The WELCOME study is a 539 patient Phase IIIb multicenter 26-Week trial Evaluating the clinical benefit and tolerability of certoLizumab pegol induCtiOn and Maintenance in patients suffering from Crohn's disease with prior loss of response or intolErance to infliximab. It consists of an open-label induction phase (400 mg of CIMZIA sub-cutaneously at Weeks 0, 2 and 4) and a double-blind maintenance period (400 mg of CIMZIA every 2 or 4 weeks from Week 6). The primary endpoint was defined as the rate of response (defined as a decrease in CDAI score less than or equal to 100 points from baseline) at Week 6. Remission was defined as a CDAI score of greater than or equal to 150 points. After the induction period, 62 percent of patients achieved response and 39 percent achieved remission. One-third of patients had responded to treatment by Week 2 (33 percent) and more than forty percent (44 percent) had responded by Week 4.
About the PRECiSE Clinical Trial Program
PRECiSE, one of the largest, most comprehensive development programs for an anti-TNF for Crohn's disease is composed of two placebo-controlled studies and two open-label safety follow-up studies.
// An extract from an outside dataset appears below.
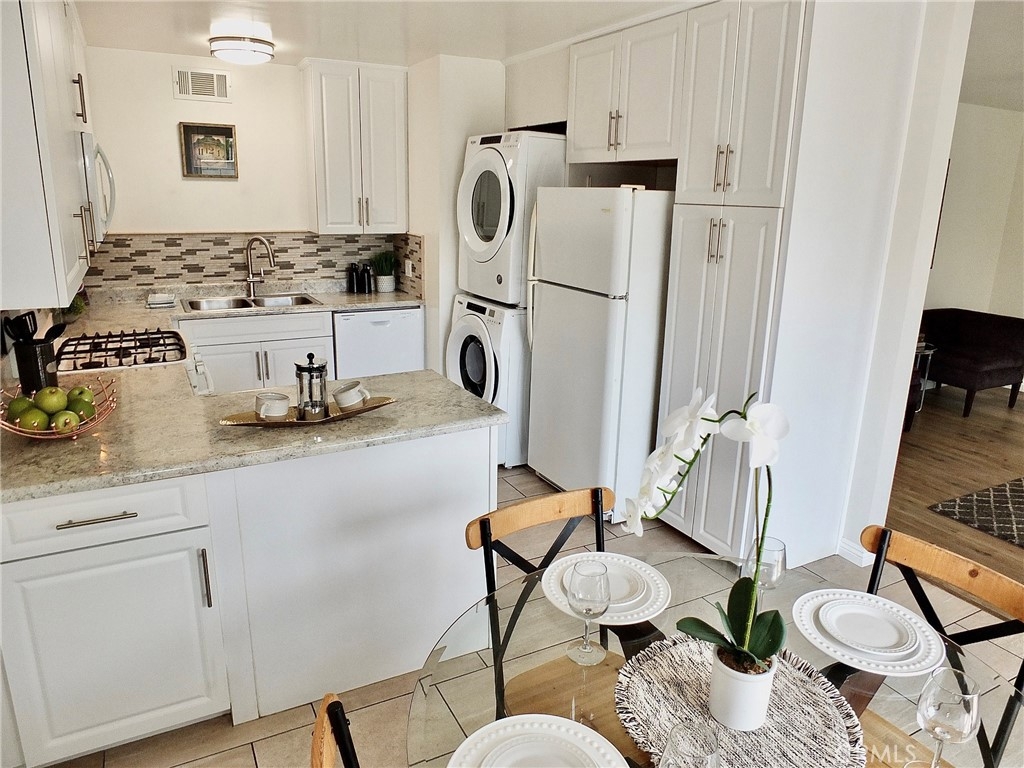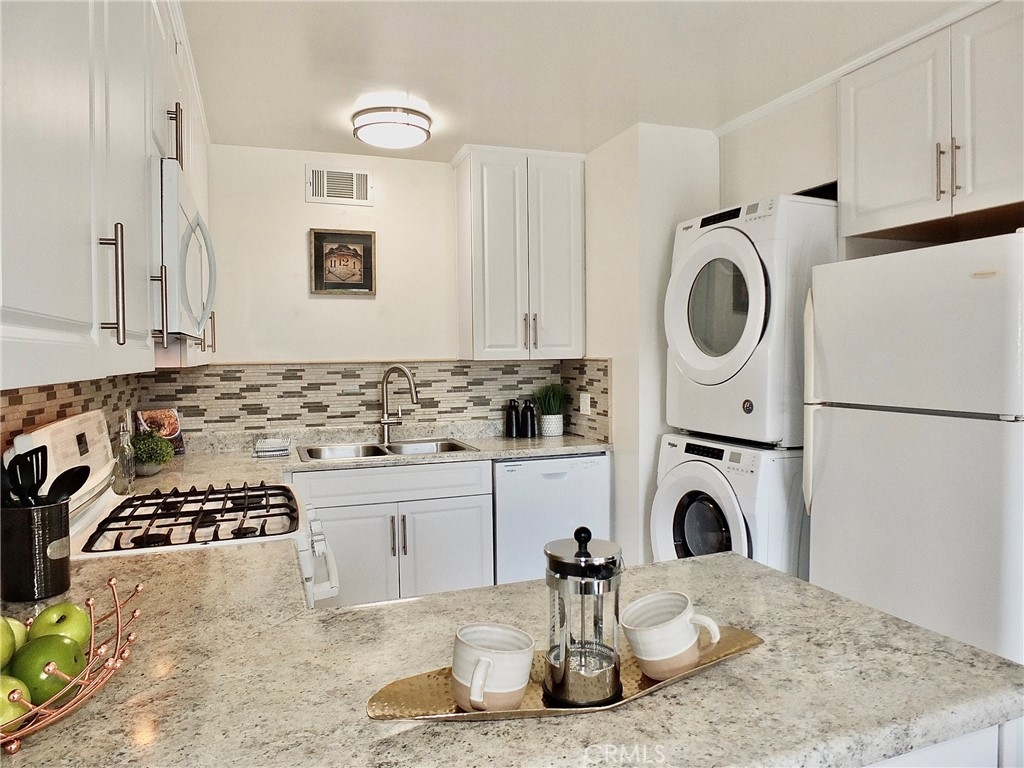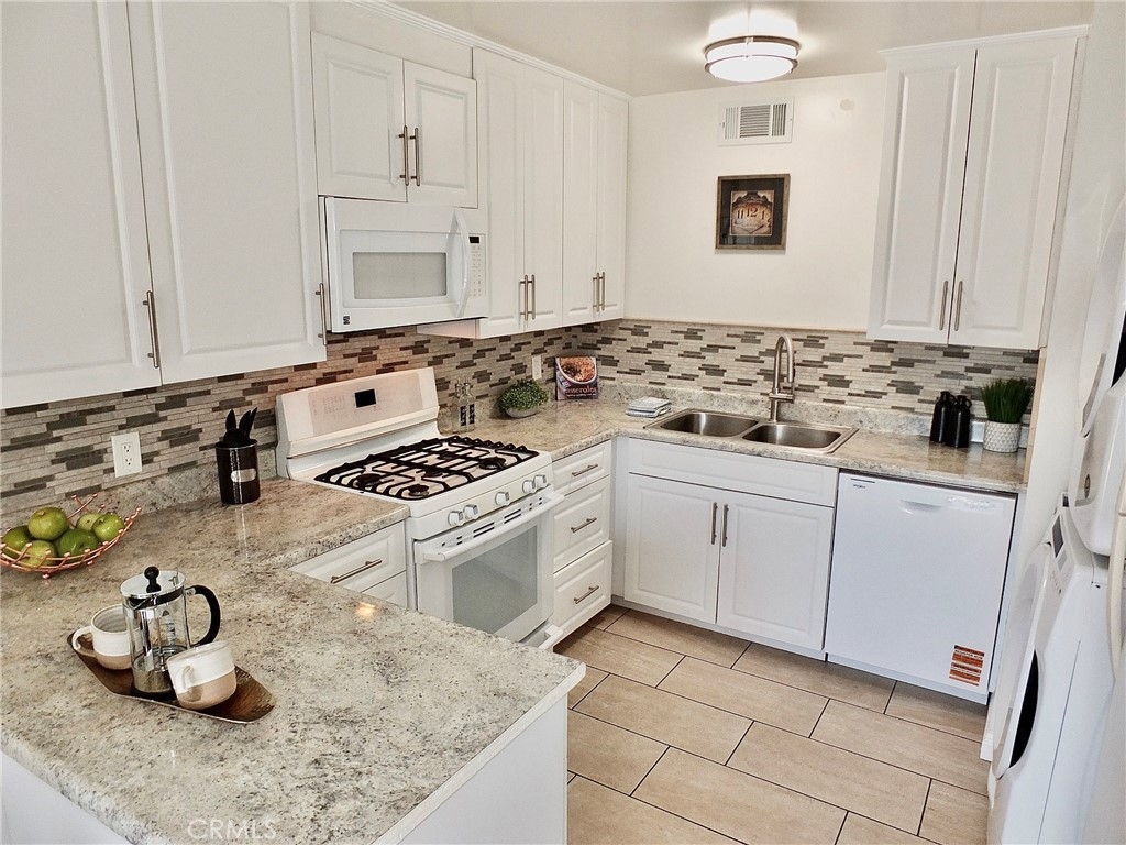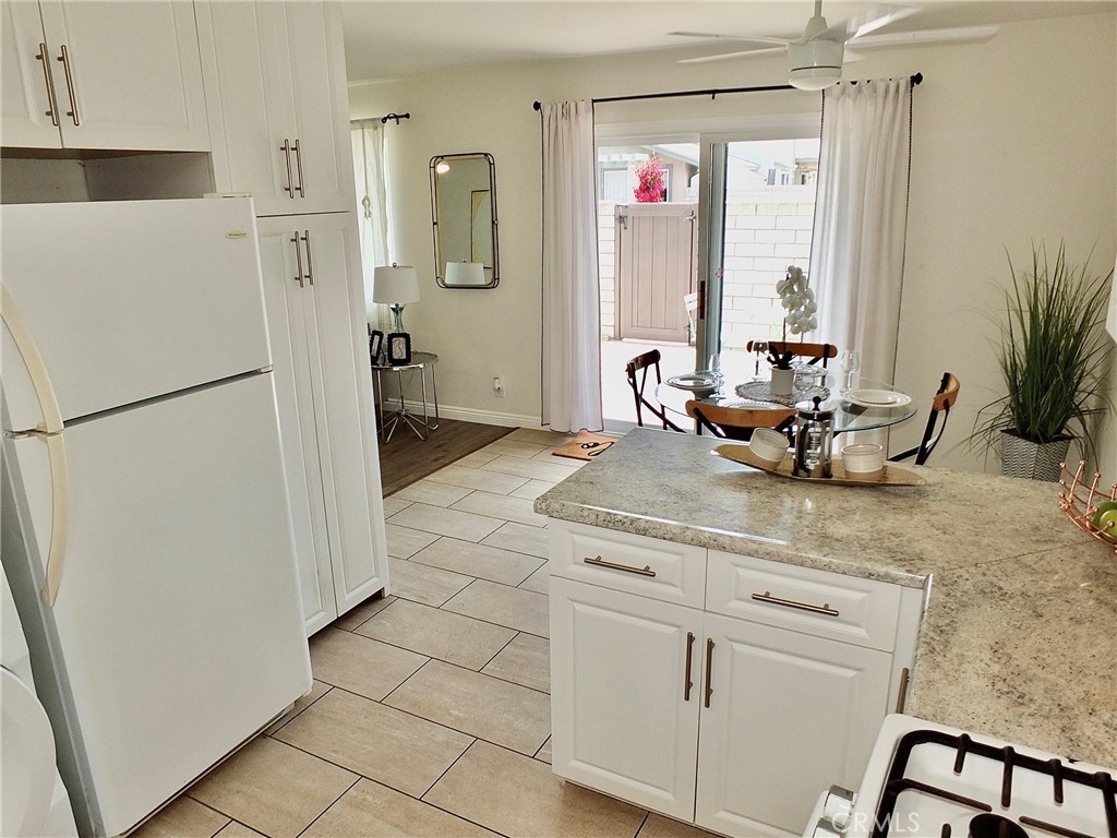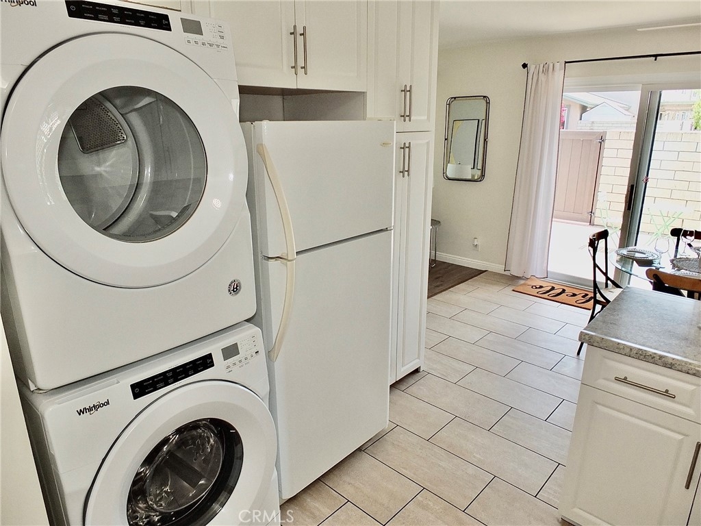 Unbelievable Single Level Condo with 3 bedrooms and Oversized Patio plus the most convenient parking ever. Enjoy laid-back coastal living in this rare, off-street home tucked away in a quiet, beautifully landscaped complex. This end unit features a large patio, privacy and unbeatable convenience. Enjoy open-concept living and dining area with direct patio access ideal for entertaining or enjoying the gentle ocean breezes. Bright wraparound kitchen features tile floors, stainless steel sink, new dishwasher and stackable washer and dryer plus lots of cabinets. Both bathrooms are upgraded and have granite countertops. Ceiling fans in all rooms and a large sliding glass door for ample light. Dual pane windows, newer water heater, faucets and exterior paint. Large attic space with lighting and pull-down staircase for convenient storage. Community amenities include a luxurious resort-style pool, tranquil walking paths, close proximity to the beach, Huntington Harbor, playgrounds, parks, and Bolsa Chica Wetlands. Nearby shopping and dining is just around the corner. Low HOA dues covers pool, professional landscaping, plus water and trash services. Move-in ready and just in time for summer!

In 2007, the two former studies were published in the New England Journal of Medicine (NEJM). The studies demonstrated that patients with moderate to severe Crohn's disease achieved and sustained clinical response with CIMZIA for up to six months, compared to placebo. The safety and tolerability of CIMZIA was consistent with that expected of an anti-TNF agent. In the first follow-up study, patients completing both initial studies are to be given CIMZIA every four weeks for up to seven years. In the second follow-up study, patients who relapsed in either initial study (defined as an increase in CDAI of >70 or absolute CDAI of >350) were re-introduced to CIMZIA every four weeks to be continued for up to seven years, with a single additional dose at week 2.